* _GIVEN DATA_
·····

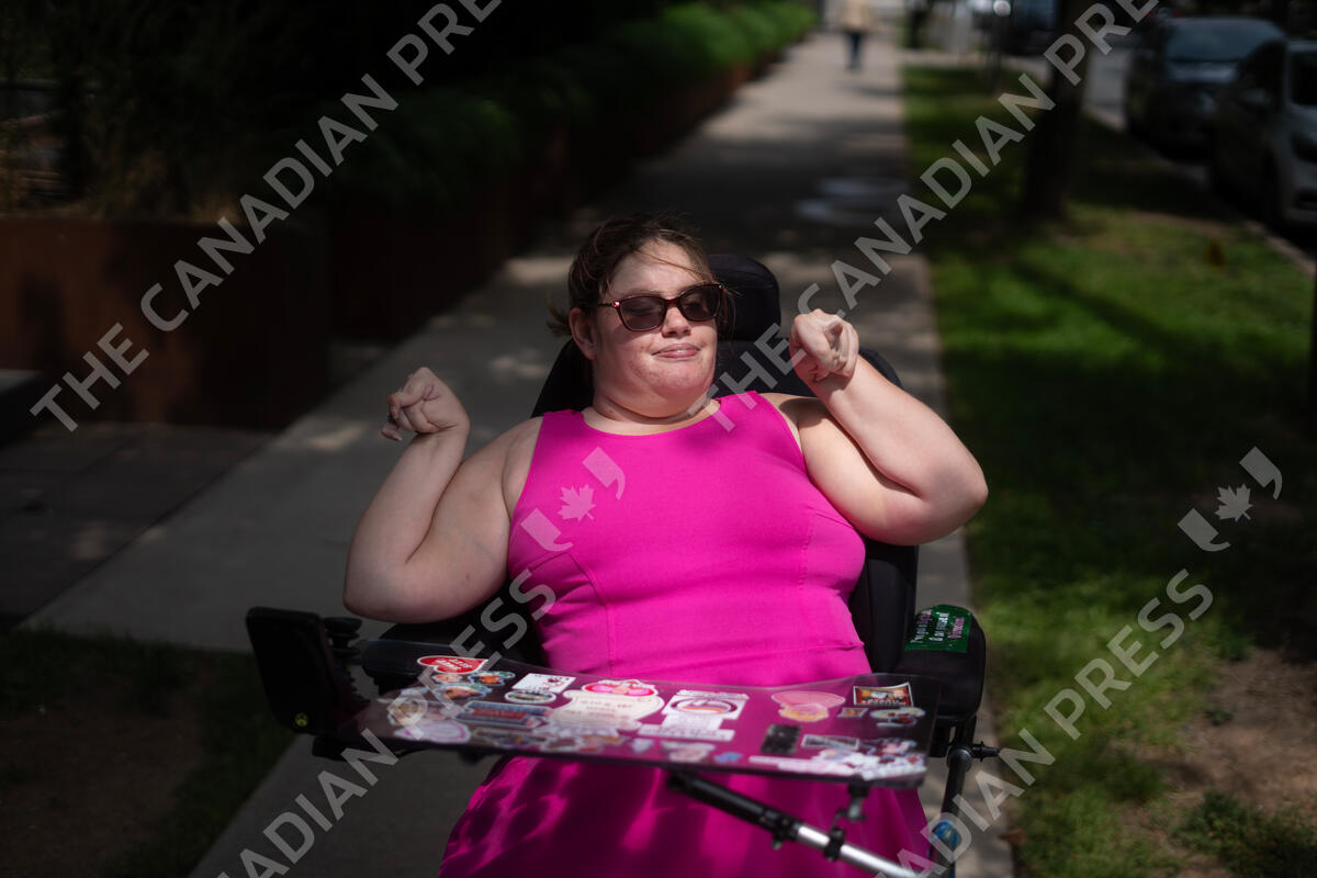 Vicky Levack, a spokeswoman for the Disability Rights Coalition who lives with cerebral palsy, poses outside her apartment building in Halifax on Thursday, July 31, 2025. THE CANADIAN PRESS/Darren Calabrese
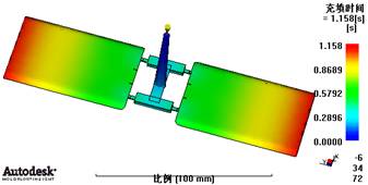 充填时间(Fill Time)分析结果如图12.18所示。从充填时间分析结果的图中可以得知,浇口两侧方向的充填时间几乎同时到达,可以接受。
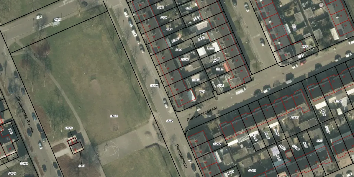 Gebruik de zoekbalk of klik op een perceel voor informatie over de adressen binnen dit perceel.
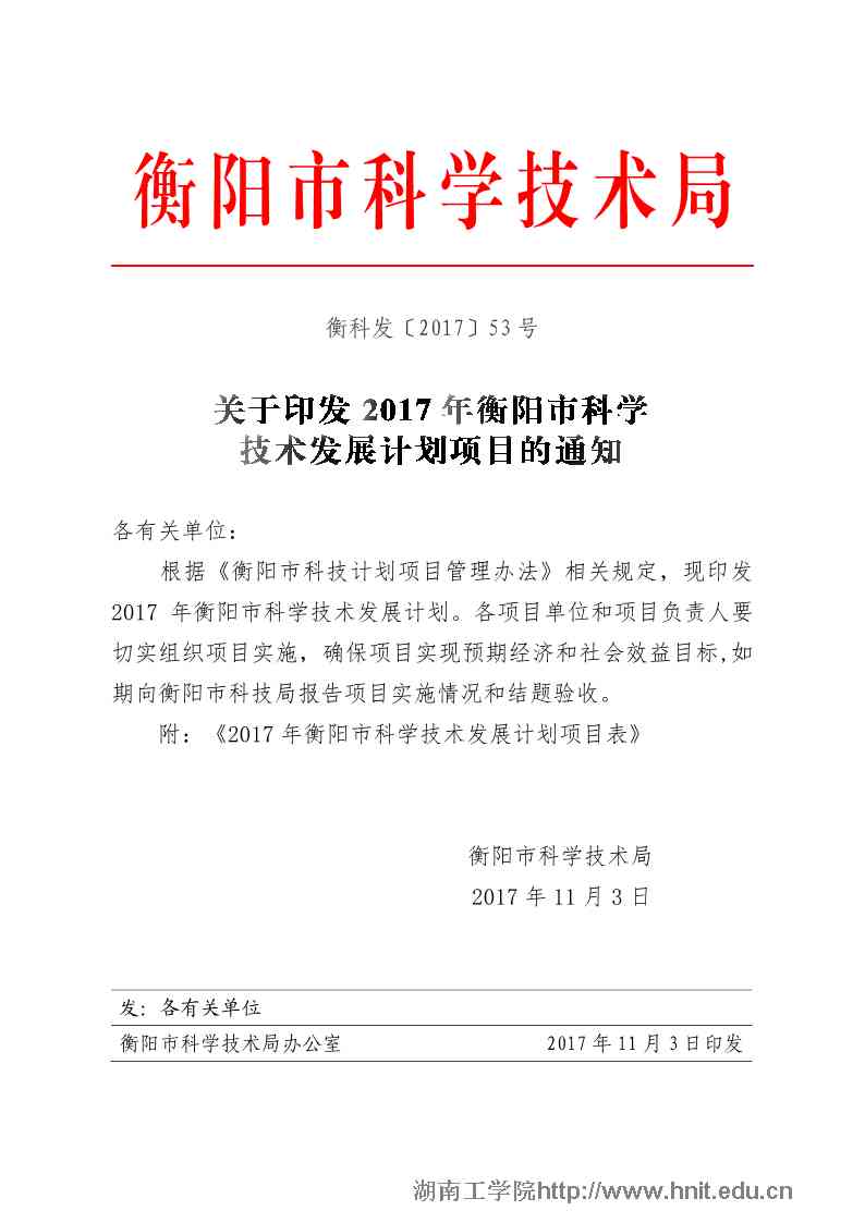 附件:金沙990线路检测2017年衡阳市科学技术发展计划项目表

·····

* _REQUIRED ACTION_
Reproduce the whole listing above word for word, dropping each image.

* _RESPONSE_
 Vicky Levack, a spokeswoman for the Disability Rights Coalition who lives with cerebral palsy, poses outside her apartment building in Halifax on Thursday, July 31, 2025. THE CANADIAN PRESS/Darren Calabrese
 充填时间(Fill Time)分析结果如图12.18所示。从充填时间分析结果的图中可以得知,浇口两侧方向的充填时间几乎同时到达,可以接受。
 Gebruik de zoekbalk of klik op een perceel voor informatie over de adressen binnen dit perceel.
 附件:金沙990线路检测2017年衡阳市科学技术发展计划项目表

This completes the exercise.